Saat rekonstruksi kasus ini dilaksanakan pada pada Sabtu (18/1) pagi, warga tampak histeris dan merasa jijik. Meski alat peraga dalam rekonstruksi itu hanyalah daging dan tulang sapi mentah, Sumanto tampak antusias melahapnya. Meski rekontruksi dilakukan pagi pukul 06.30, namun rekonstruksi tersebut mendapat perhatian luas dari masyarakat sekitarnya. "Sengaja kita lakukan rekonstruksi pagi-pagi sekali untuk menghindari kerumunan warga. Namun kenyataannya, masyarakat tetap banyak yang melihat. Untungnya, rekontsruksi berlangsung lancar," kata Kapolres Purbalingga, Ajun Komisaris Besar Polisi (AKBP) Agus Sofyan Abadi, saat mempimpin acara tersebut. Tak hanya itu, ternyata ini bukan pertama kalinya Sumanto ‘menikmati’ daging manusia. Sumanto mengaku bahwa sebelumnya ia telah memakan tiga tubuh manusia selain Mbah Rinah. Korban pertama yang ia makan adalah seorang perampok yang semula akan membegalnya. Perampok itu sempat duel dengan Sumanto. Ia berhasil membunuhnya dan kemudian memakan daging tubuhnya mentah-mentah. Peristiwa kedua adalah korban kecelakaan kereta api. Ketika dia berjalan di pinggir rel di sekitar daerah Rajabasah, ia menemukan potongan kaki manusia. Seketika itu ia makan mentah-mentah. Kemudian kejadian ketiga adalah seorang begal yang juga berhasil ia bunuh. Begal itu kemudian dimakan Sumanto bersama temannya yang ia lupa namanya. Korban ketiga ini, kemudian ia ambil penisnya dan dijadikan kalung.
Hanya saja saja polisi belum percaya begitu saja dengan pengakuan Sumanto. Pasalnya, seluruh empat korban itu, belum termasuk dengan misteri keberadaan Mistam si tukang pijat yang hilang setelah memijat Sumanto. Pakaian Mistam sendiri, berhasil ditemukan di rumah Sumanto. Kemudian, keberadaan seorang bocah usia belasan warga Mandiraja Banjarnegara, yang juga dilaporkan hilang setelah bermain di sekitar rumah Sumanto. Atas perkembangan pemeriksaan tersebut, Kapolres Agus Sofyan Abadi meminta kepada masyarakat sekitar untuk melapor ke polisi jika merasa kehilangan angota keluarganya.
Melihat perbuatannya yang ‘kelewat-lewat’, sejumlah warga menduga Sumanto tak waras. Namun tampaknya dugaan itu keliru. Menurut Kapolres Purbalingga Ajun Komisaris Besar Polisi (AKBP) Agus Sofyan Abadi, saat diperiksa polisi Sumanto menjawab pertanyaan dengan lancar, tak berbelit-belit. Setelah diperiksa oleh tim psikologi Polda Jawa Tengah, Sumanto dinyatakan sebagai psikopat. Semua perbuatan Sumanto, dilakukan secara sadar bahkan dengan pertimbangan yang matang. "Misalnya untuk kasus mencuri mayat Mbah Rinah dan kemudian memakannya, semuanya sudah disiapkan, sudah direncanakan. Sumanto melakukan semua itu dalam keadaan sehat dan sadar," kata AKBP Purnomo, ketua tim pemeriksa Sumanto yang juga Kadis Psikologi Polda Jateng. Untuk memastikan apakah Sumanto benar-benar waras atau tidak, sejak Kamis lalu Polisi mengirimnya ke RSUD Banyumas selama 14 hari.

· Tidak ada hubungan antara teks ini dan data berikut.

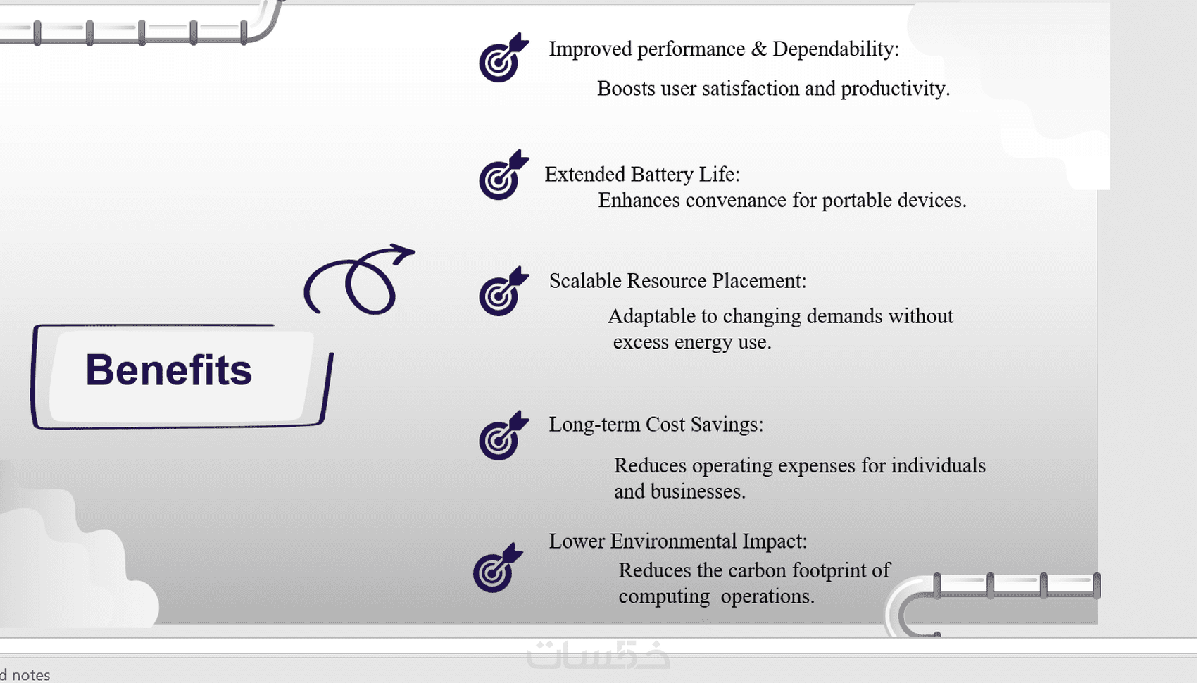 من خلال استخدام الأدوات والتقنيات الحديثة، نضمن لك عرض تقديمي يلبي أعلى المعايير الاحترافية ويترك انطباعاً قوياً لدى جمهورك.

Perilaku miring Sumanto diduga berawal dari pengalaman Sumanto selama merantau ke Lampung. Saat di Lampung itu Sumanto bertemu dengan searang guru spiritual yang bernama Taslim. Taslim mengajarkan bahwa memakan mayat manusia dapat memberikannya kesaktian dan kekayaan. Kata Purnomo, waktu ia berada di Lampung terjadi perubahan perilaku yang cukup signifikan. "Artinya, pengalaman-pengalaman itu telah membuat Sumanto seperti telah menemukan dunianya yang baru. Dia tidak lagi memperhatikan asas norma kelaziman seperti makan daging mentah bahkan daging manusia. Ini kan tidak lazim, tapi Sumanto dengan sadar melakukannya," kata Purnomo.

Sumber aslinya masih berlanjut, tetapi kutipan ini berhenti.